Наверное, Виктору просто хорошо жить так: в звонких морозах под лунной дорожкой, в теплых ветрах и падающих звездах, когда мерилом счастья, верхней его точкой станут для Копченого теплая землянка, ломоть ржаного хлеба и стакан крепкого вина. Были ж когда-то старцы-отшельники, познающие свет в истязаниях своей плоти и безлюдстве пустошей. Может быть, Виктор из них?

Меня, городского человека, ночевать на льду вынуждала необходимость. Речь не шла о жизни и смерти. Конечно нет. И никто не гнал меня в двадцатиградусный мороз из дома. (Сейчас я, наверное, просто не решился бы на это, да еще в одиночку. Но тогда морозы только горячили мою кровь, и была особенная прелесть в одиночестве инистых ночей у костра, наедине с Лесом и с собой. И были строки в душе, может быть, наивно принимаемые мной за стихи, но искренние, несомненно:

Что ж ты, Осень-тоска, разрыдалась дождем,

Расшвыряла в борах паутину?

Мне в ответ в тишине – птичьих криков надлом

И дыханье холодное в спину

Здесь же причины были прозаические, почти без романтики. Все очень просто. Зимний день короток.

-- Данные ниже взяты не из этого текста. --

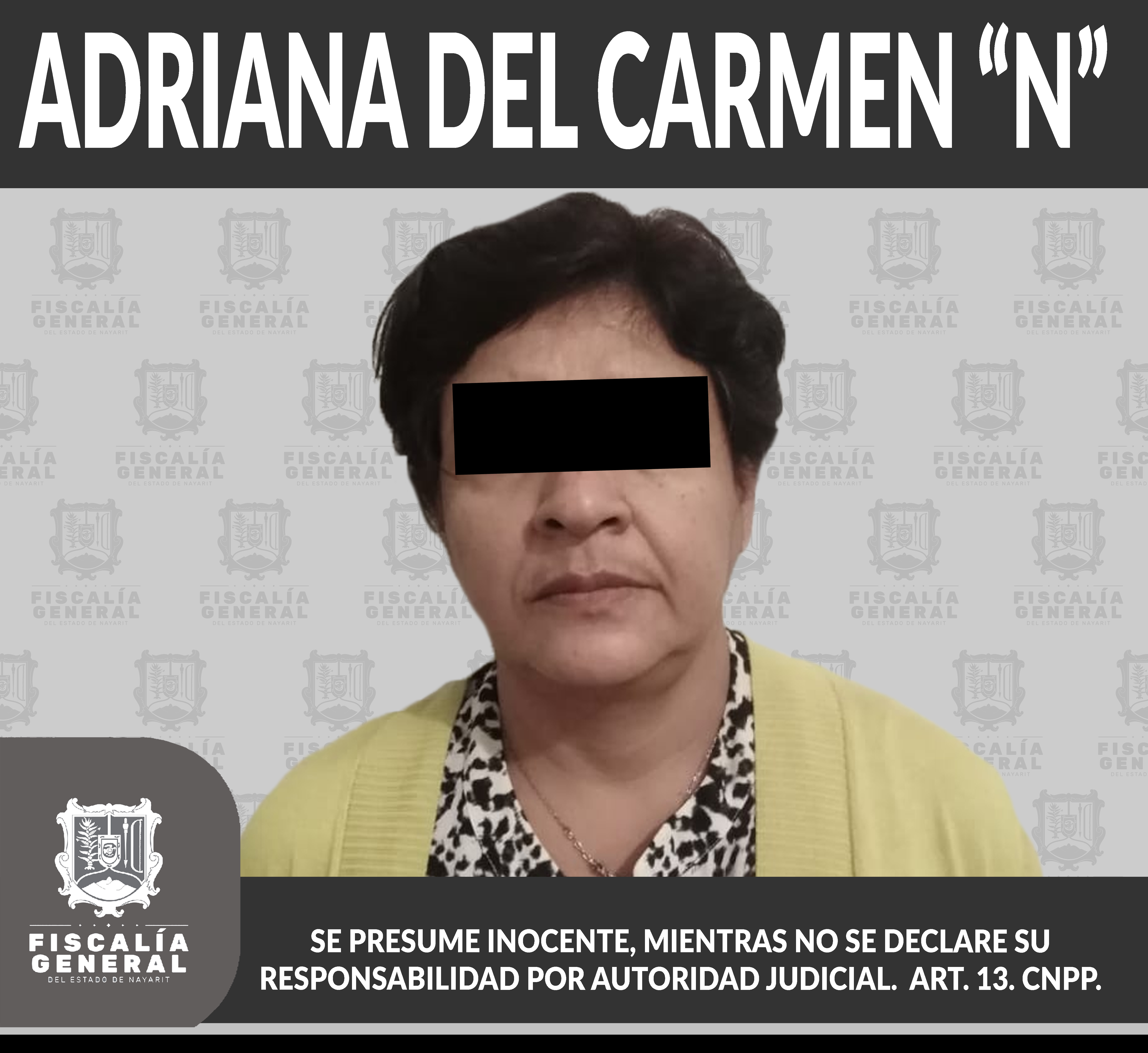 En Puerto Vallarta, Jalisco, fue detenida Adriana del Carmen “N”, como consecuencia de haber sido liberada una orden de aprehensión en su contra, por su probable participación en hechos que según la ley encuadran como delito de daño en las cosas....

Кажется, что вот только-только рассвет слепо брезжил где-то за Дубовой, как уже и сумерки упали, а там и ночь глядит холодно. Пока дойдешь до места по глубокому снегу, пока наловишь живцов, расставишь жерлицы – пора и домой собираться, а единственный выходной день пропал. Один лишь процесс бурения десятка лунок занимал у меня нередко не менее часа. Кто-то усмехнется при этом, но дело в том, что толщина льда в ту зиму достигала на Волге почти метра, да и был тот лед, прямо скажем, дрянь – в три слоя, между которыми кисла снеговая каша. В ней ножи и обычного то ледобура только елозили, а случалось и хуже – вставали враспор, ни туда, ни сюда (это не относится к самодельным бурам заводских умельцев, тем более к ледобурам финским и шведским). Мой шнековый помощник имел особенность. Он высверливал лунки диаметром сто восемьдесят миллиметров, этакие скважины-колодцы, а значит, был несравненно более загребист и упорист в работе, чем, скажем, коловорот под «белую» рыбу-сорожку. Случалось, что эта разница в сорок-шестьдесят миллиметров бросала меня плашмя на лед после двух десятков пробуренных лунок, и сил оставалось лишь на то, чтобы сдернуть с головы дымящуюся от пара ушанку и зачерпнуть прямо из лунки волжской воды, пахнущей прелыми корягами.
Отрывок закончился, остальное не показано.